Environmental issues—They played almost no role in the campaign this past year. The reason is pretty clear: According to polls taken around Earth Day last April, the environment was at the bottom of the list of concerns for most Americans. And why not? Air pollution is way down; water pollution levels have improved, and forests are expanding. While the ideological environmentalists at the League of Conservation Voters gave the Bush administration an "F" on its Presidential Report Card, the free market environmentalists at the Property and Environment Research Center gave it only a "C+" on its Environmental Report Card. Given that the control of both houses of Congress rests on thin margins, don't expect any big changes in environmental policy. Basically, we're going to be stuck with the clunky and expensive regulatory system we currently endure. We will not soon see the environmental improvements that private property and markets could bring about.
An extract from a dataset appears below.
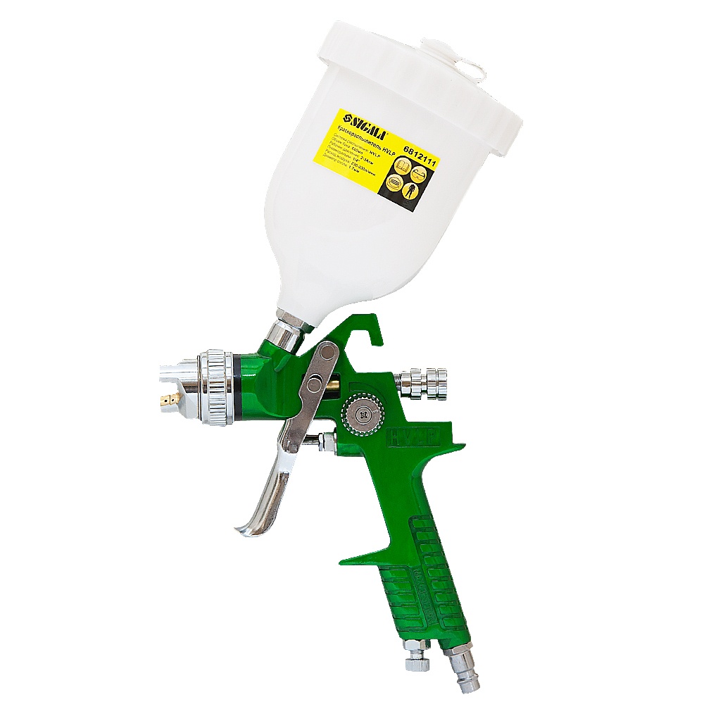 Фарборозпилювач Sigma HVLP Ø1.7 мм 140-280л/хв 3бар в/б (пласт) зелений — професійний інструмент, розроблений для швидкого та рівномірного нанесення лакофарбових сумішей на металеві, дерев'яні та пластикові поверхні.
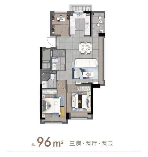 「建面约96㎡3房2厅2卫」

Appointments to scientific advisory committees aside—overlooking the irony of a group of scientists endorsing Senator John Kerry for president because President Bush has "politicized" science—has the Bush administration done anything all that different from past administrations? "[I]t is increasingly impossible to ignore that this White House disdains research that inconveniences it," magisterially declared the editors of Scientific American. But the Bush administration is not the first administration to allegedly "disdain" scientific evidence. As I described earlier, the Clinton administration fired scientists who didn't agree with its take on ozone depletion, denied federal funding for research on human embryos that a federal advisory body recommended, and jiggered studies on second-hand cigarette smoke until it got the result it wanted. In any case, the Bush administration has sometimes been a bit too eager to reward its donor base in industry with regulatory relief rather than grapple honestly with real concerns raised by scientific data or propose market-based solutions to environmental problems.
Finally, a word of unsolicited advice to scientists who want to play in the public policy arena. Facts by themselves do not immediately entail the adoption of particular policies. Many of the scientific "facts" cited by activists arise from contested epidemiological data and controversial computer models. For example, if humanity is significantly warming the planet, it is entirely possible that the best policy is to encourage rapid technological progress and economic growth so that any problems caused by such warming can be dealt with more effectively and fairly in the future. And how does one make the trade-off between possibly harming a few species of birds through the use of DDT, and using the insecticide to prevent the deaths of millions of people each year from malaria? These are political decisions. Suggestive scientific data certainly help guide our decisions, but they do not mandate any particular policies—not even those championed by the most brilliant researchers.